After stopping at a place called the Crabby Pig (good food, good prices) this morning in Cumberland, we walked a short distance to the Visitor Information Office and found lots of maps, displays and a volunteer that whose gender was unidentifiable but who was very informative. The weather has returned to miserable temperatures and soul-sucking humidity so we shot through unshaded areas pretty quickly.
We went exploring on the sidehills of Cumberland and found an amazing variety of really gorgeous old buildings. Americans have been living here in substantial numbers since the early 1700s and many of the original buildings remain, including George Washington’s headquarters used during the French and Indian War in the 1750s. Cumberland has been a transportation hub for 300 years where roads, the C&O Canal, railroads and the Potomac River all come together in one community.

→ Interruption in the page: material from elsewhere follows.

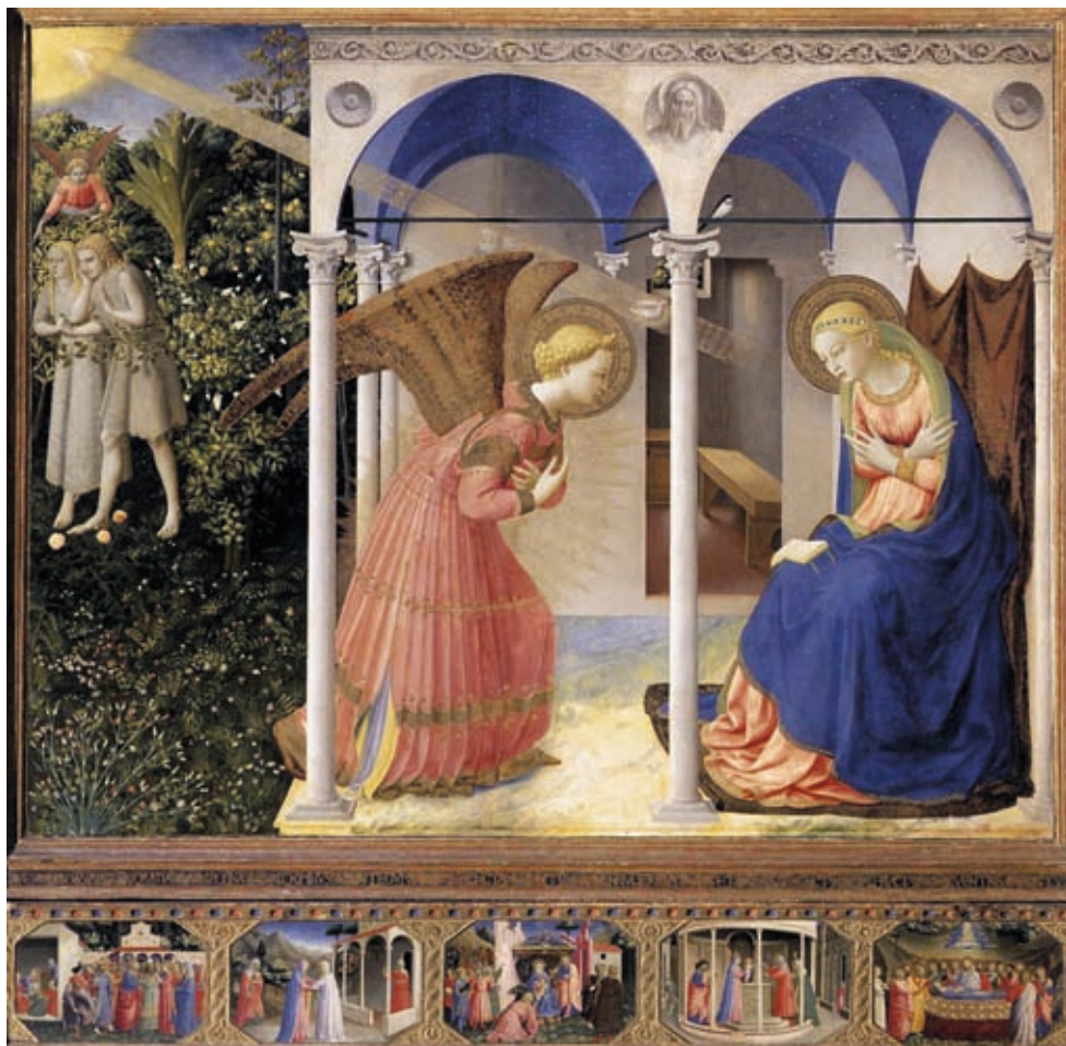
2. Fra Angelico: Angyali üdvözlét , tempera, fa, 194 x 194 cm, Museo del Prado, Madrid

After considerable architecture ogling, we drove down MD-51 which runs parallel to the C&O Canal for about 30 miles to the Paw Paw Tunnel where picks and shovels and some black powder blasted a tunnel 3000 feet through a mountain to save building about 7 miles of canal and locks. When we tried to close the loop and return to Cumberland, however, we found many roads clearly shown on the maps we got at the Cumberland visitor center that did not really exist or, if they existed, were little gravel tracks where we could almost hear Dueling Banjos and folks asking us to squeal like a pig. We begged off on the shaky roads and drove almost to Virginia to get out of there. On the way home, we ran into a thunderstorm that started with a little lightning but soon blossomed into a torrential downpour that, fortunately, ended not too long after flooding the road surface and then disappearing.